The new single comes as a response of sorts to their previous single, ‘Nicolas Cage Please Get In Touch’, after reportedly receiving a cease and desist from Cage’s Hollywood lawyer, ‘Jimmy J Sunset’. The band explain: “Last summer we had a run in with an aggressive American lawyer, an experience so stressful we had to write a song about it. “Jimmy J Sunset” is an expression of the pure anxiety felt when one of your childhood heroes decides to begin legal proceedings against you.”
Late last year, Lunch Money Life released their industrial, shapeshifting EP ‘Tarmac the Lake’ via Wolf Tone which features the aforementioned ‘Nicolas Cage Please Get In Touch’ alongside lead single ‘Human Sacrifice,’ which opens the EP with a piercing scream, then plunges into a pummelling industrial beat, before shapeshifts hypnotically before your ears into a serpentine progressive jazz melody which flits in and out of focus.
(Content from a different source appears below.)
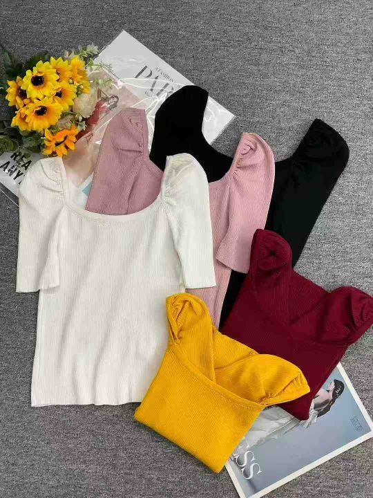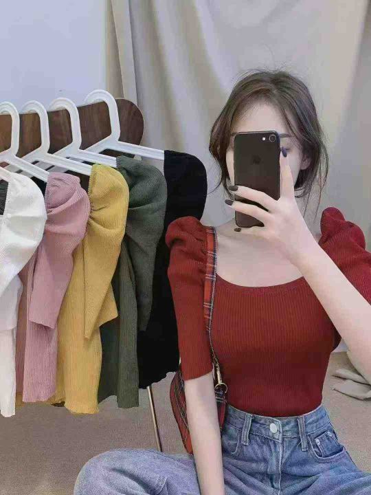 夏季新款复古法式方领泡泡袖锁骨冰丝针织短袖t恤,独立包装,均码面料柔软舒适弹力大,312件,全清5.9元超低价秒杀!分货加一!

Using the church that Spencer Martin plays organ for as their rehearsal space, plus sporadic sessions elsewhere, over the past few years Lunch Money Life – completed by his friends Stewart Hughes, Sean Keating and Luke Mills-Pettigrew, plus his brother Jack – recorded what would become their debut album, 2020’s ‘Immersion Chamber’. It’s a record that runs the gamut; combining gorgeous and glacial swells of electronically augmented brass, skull-rattling heavy psych grooves and more, with nimble twists and turns of pace at every corner of its labyrinthine structure.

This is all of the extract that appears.